__Work instructions__: Transcribe nothing except the lines below that run from the one with "Worthington Blouse Long" to the one with "據美國報章《今日美國》(US", ends included, and do not copy any picture.

__Records for the task__:
_ _ _ _
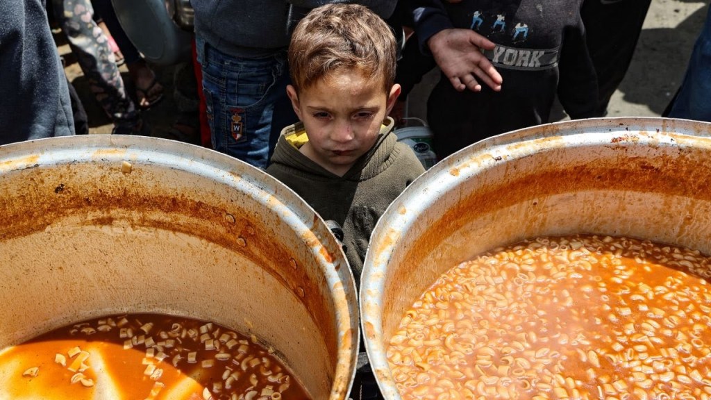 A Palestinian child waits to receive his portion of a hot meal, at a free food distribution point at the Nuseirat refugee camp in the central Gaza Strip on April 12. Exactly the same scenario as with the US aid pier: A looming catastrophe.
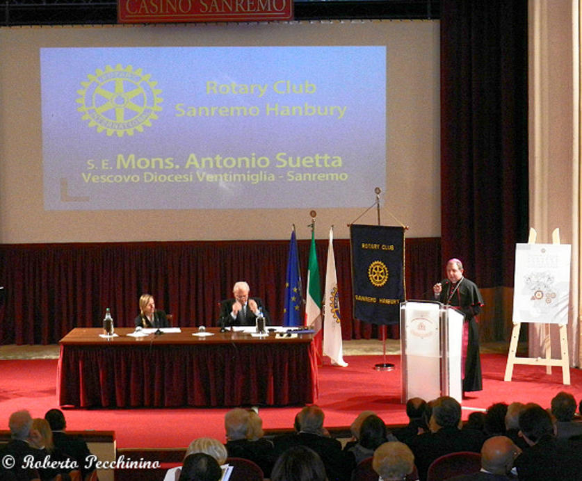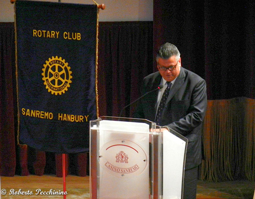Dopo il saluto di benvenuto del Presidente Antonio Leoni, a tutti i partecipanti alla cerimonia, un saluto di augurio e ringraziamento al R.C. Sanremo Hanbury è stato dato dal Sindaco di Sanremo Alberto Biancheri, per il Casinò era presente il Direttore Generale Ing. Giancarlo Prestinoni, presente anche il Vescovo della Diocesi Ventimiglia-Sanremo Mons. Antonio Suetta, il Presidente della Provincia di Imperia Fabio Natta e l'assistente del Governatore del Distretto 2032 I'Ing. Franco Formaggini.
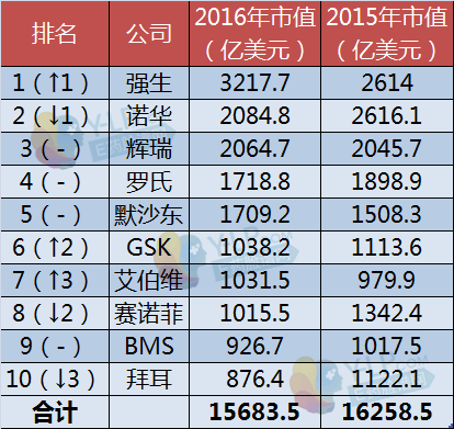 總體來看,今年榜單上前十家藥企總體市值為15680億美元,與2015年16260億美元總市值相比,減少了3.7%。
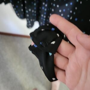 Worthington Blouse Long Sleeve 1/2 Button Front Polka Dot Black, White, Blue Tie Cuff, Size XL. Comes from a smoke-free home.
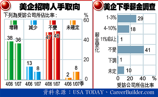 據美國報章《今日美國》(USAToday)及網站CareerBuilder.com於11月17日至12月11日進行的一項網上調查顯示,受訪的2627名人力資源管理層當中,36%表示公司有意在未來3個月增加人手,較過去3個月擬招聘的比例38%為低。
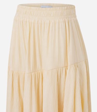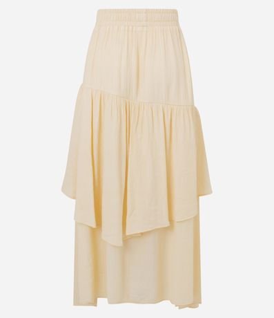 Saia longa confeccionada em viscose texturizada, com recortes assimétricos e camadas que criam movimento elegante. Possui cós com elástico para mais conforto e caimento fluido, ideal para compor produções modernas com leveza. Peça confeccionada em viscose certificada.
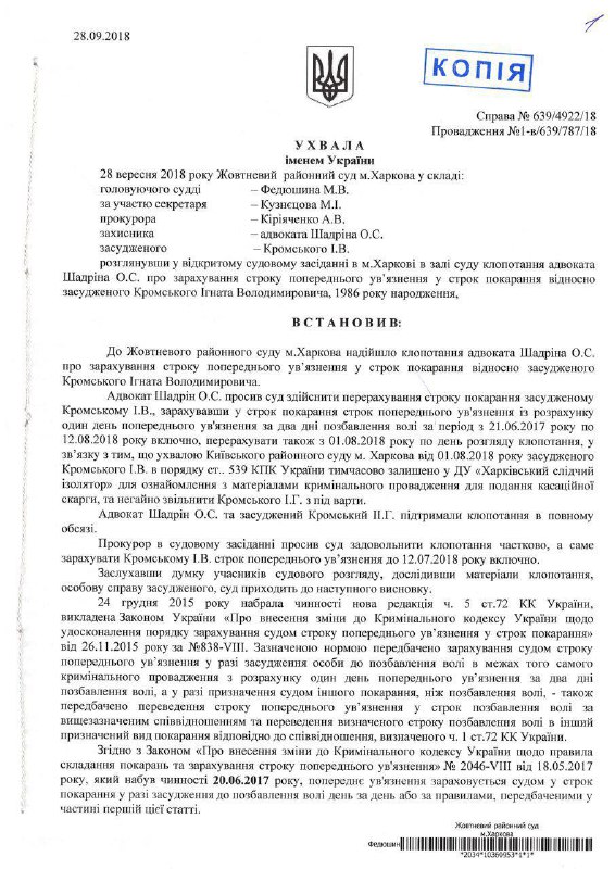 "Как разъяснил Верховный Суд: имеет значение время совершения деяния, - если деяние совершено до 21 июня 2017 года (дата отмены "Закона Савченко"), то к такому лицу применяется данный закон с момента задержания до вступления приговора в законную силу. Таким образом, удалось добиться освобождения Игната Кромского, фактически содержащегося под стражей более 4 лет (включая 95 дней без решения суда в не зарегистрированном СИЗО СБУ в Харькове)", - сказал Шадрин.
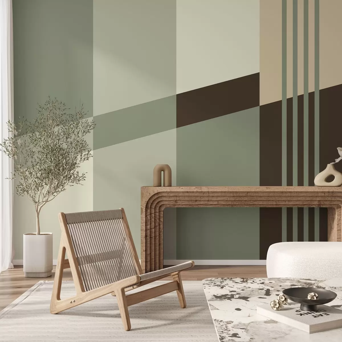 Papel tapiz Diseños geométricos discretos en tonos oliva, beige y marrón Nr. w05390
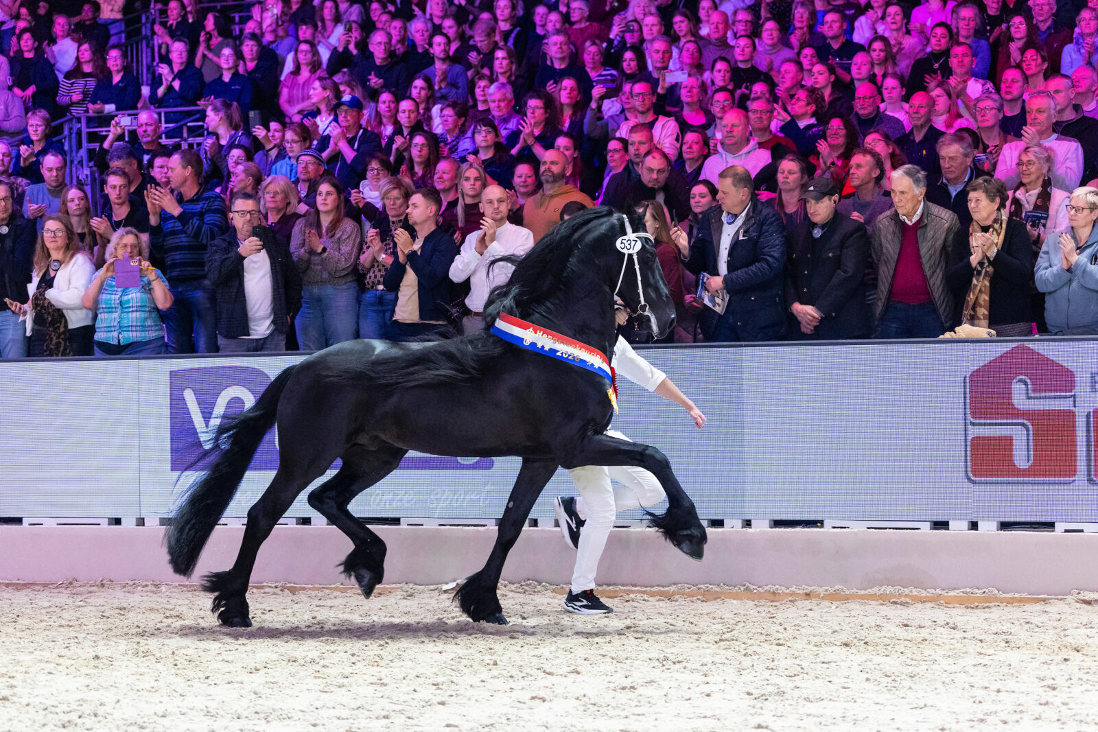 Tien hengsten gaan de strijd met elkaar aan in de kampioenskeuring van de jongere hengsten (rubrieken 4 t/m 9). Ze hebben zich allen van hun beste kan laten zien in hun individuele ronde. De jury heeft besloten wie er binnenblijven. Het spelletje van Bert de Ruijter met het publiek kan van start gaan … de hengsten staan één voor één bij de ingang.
_ _ _ _
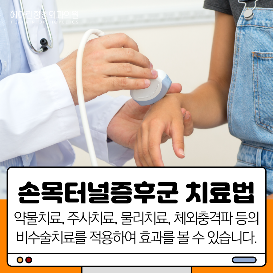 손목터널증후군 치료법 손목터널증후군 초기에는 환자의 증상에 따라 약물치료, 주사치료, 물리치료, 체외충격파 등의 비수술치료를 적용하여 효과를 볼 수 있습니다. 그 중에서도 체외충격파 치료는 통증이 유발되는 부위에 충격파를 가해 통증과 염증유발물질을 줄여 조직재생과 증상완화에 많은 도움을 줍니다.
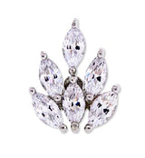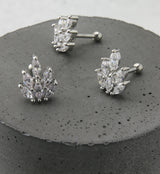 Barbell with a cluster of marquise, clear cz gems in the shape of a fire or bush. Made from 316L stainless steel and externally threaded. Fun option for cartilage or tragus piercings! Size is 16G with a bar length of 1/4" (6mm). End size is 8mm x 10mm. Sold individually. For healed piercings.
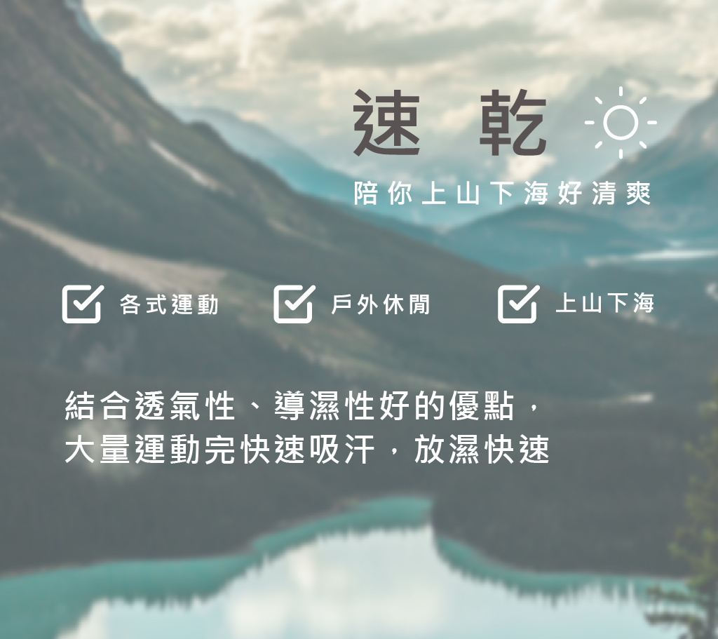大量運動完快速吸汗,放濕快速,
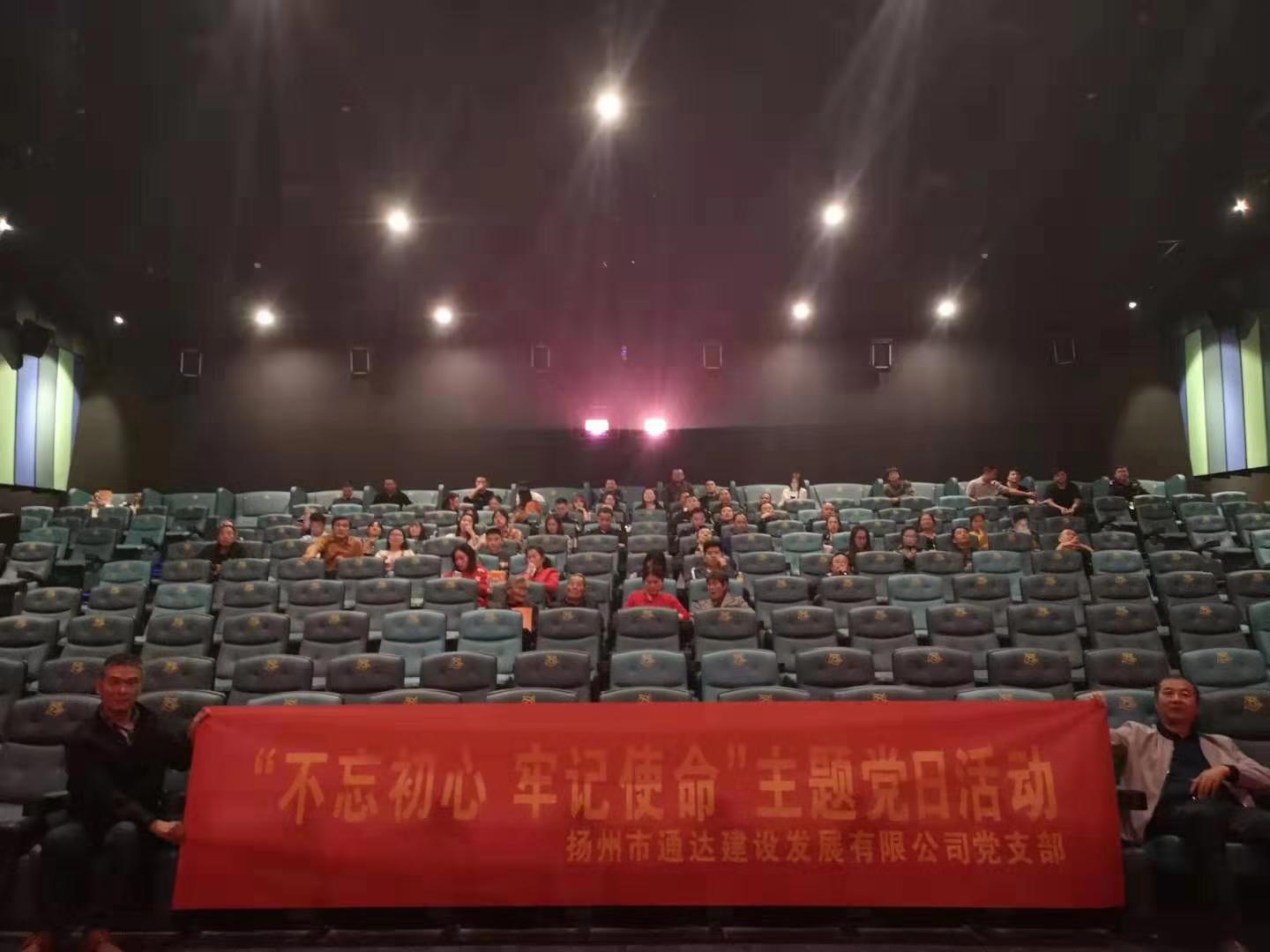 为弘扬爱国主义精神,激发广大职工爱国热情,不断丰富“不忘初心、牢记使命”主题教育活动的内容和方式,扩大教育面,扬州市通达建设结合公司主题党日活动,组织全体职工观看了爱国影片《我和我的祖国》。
_ _ _ _
__Result__:
 Worthington Blouse Long Sleeve 1/2 Button Front Polka Dot Black, White, Blue Tie Cuff, Size XL. Comes from a smoke-free home.
 據美國報章《今日美國》(USAToday)及網站CareerBuilder.com於11月17日至12月11日進行的一項網上調查顯示,受訪的2627名人力資源管理層當中,36%表示公司有意在未來3個月增加人手,較過去3個月擬招聘的比例38%為低。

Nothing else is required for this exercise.